Aine Noire, Oiseau Noir

(Black Groin, Black Bird)


He came around noon. I saw him coming from the merchants’ district—it was impossible not to see him. He was a giant, demonic bird (a raven perhaps) that tore out the leftovers of people: their hopes, fears, their throats that called out to God until they burned red-hot with agony.

I was lucky so far, or blessed by Christ and His saints. These are the people I knew who died so far: Thomas le boulanger and his wife (whom he beat), Frère Jehan, Frère Henri (he made us poor one summer), Daniel le meunier, Père Thibault (he always groped my crotch when I was younger), Martin le Gros (who always picked his nose), three of my cousins (two Maries and Elizabeth), my brother Guellimen (last Thursday, God rest his soul), my English tutor Edward Ashwood (who taught me the tricks dirty English whores used), and my uncle Denis (he groped my crotch too).

Other faces went away as well, like the prostitutes three streets over, many of the serfs, regular merchant folk like us, soldiers who came home from fighting the English, our faraway lord of Marseilles (I never met him; his name escapes me).

I touched a charm that hung between my breasts.

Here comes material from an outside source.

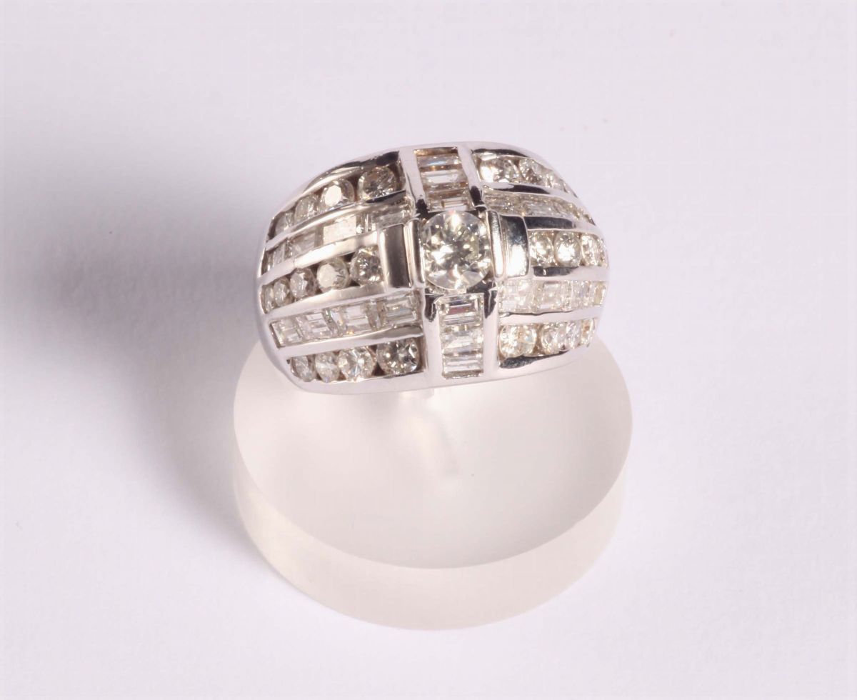 diamanti taglio rotondo e baguettes. Montatura in oro bianco 18Kt

A wise woman made it for me, filled it with sweet, earthy herbs, and told me to pray to Saint Sebastian. She smelled like thyme and piss, but I gave her my coins anyway, and now her charm hung from its noose like a poker on my chest. I fingered it, waiting for some miracle to take place. My face held hot—good Lord, save him!

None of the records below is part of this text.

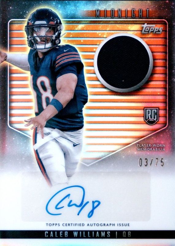 The Caleb Williams 2024 Topps Midnight #RJA-CW Rookie Jersey Autographs - Dusk /75 card in Raw condition has not changed in price in the last 30 days and was last sold for $275.00 .
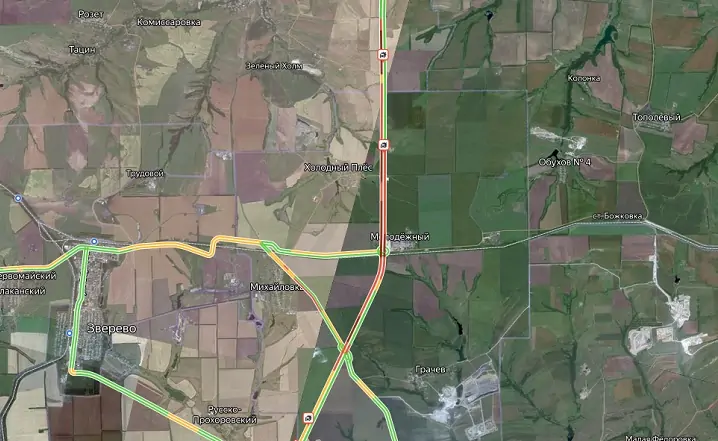 В Telegram-канале «трасса М-4 чат» водители, застрявшие в пробке, сообщают, что на 967-м километре М4 «Дон» в Красносулинском районе фура съехала с дороги. Движение на данном участке возможно только по одной полосе.
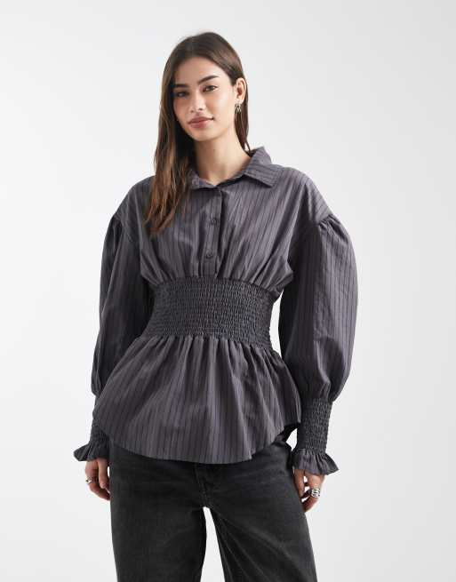 Daisy Street shirred waist shirt in gray and black stripes

The raven-man came into our home, Death caught in the eyeholes of his horrific mask. Why must he look so fearful? Was he trying to scare us off? Or was he intimidating the Death itself? Intimidation by impression?

I backed away as he said, “I’ve come.” Deep voice. Made the house tremble. “Where is he?”

My heart leaped to my throat—God, I don’t know where he is! Passing away I suppose, where else? He’s dying like everyone else is. Soon the dead will outnumber the living and we’ll all be in Hell like Frère Henri warned (hidden in a dying cough) before he himself died. I wondered if he was in Hell or if his Hell, the Hell of the Holy Book, was any worse than this.

“In the bedroom, sir.” I was always so polite and soft-voiced. Maybe that’s why men never worried when they stuck their dirty fingers up my cunt.

Did the Devil stick his filthy hands up virgins’ cunts too? Or was that reserved for churchmen?

“What is the deceased’s name?”

He isn’t dead yet! I wanted to rage. He isn’t dead yet—he might not die. He might not be like the others. Saint Sebastian could make a miracle. God could make a miracle.

“Audenin.”

“What is his relation to you?” His bird mask hovered over me. He was ready to pick at my bones too.

“My betrothed, sir.”

I followed his cloak (it was like the fog of a shadow if there’s such a thing) into the bedroom. My hands were trembling. My tongue curdled in my mouth. Warm, sour, dead milk.

“No—stay out.” The raven-man said. The rage in his voice seemed somehow unprovoked, but I knew I deserved it for trying to meddle in great things.

I left, my hand groping my charm. I was in the sea, lost from shipwreck to nothingness, and it was my only piece of driftwood.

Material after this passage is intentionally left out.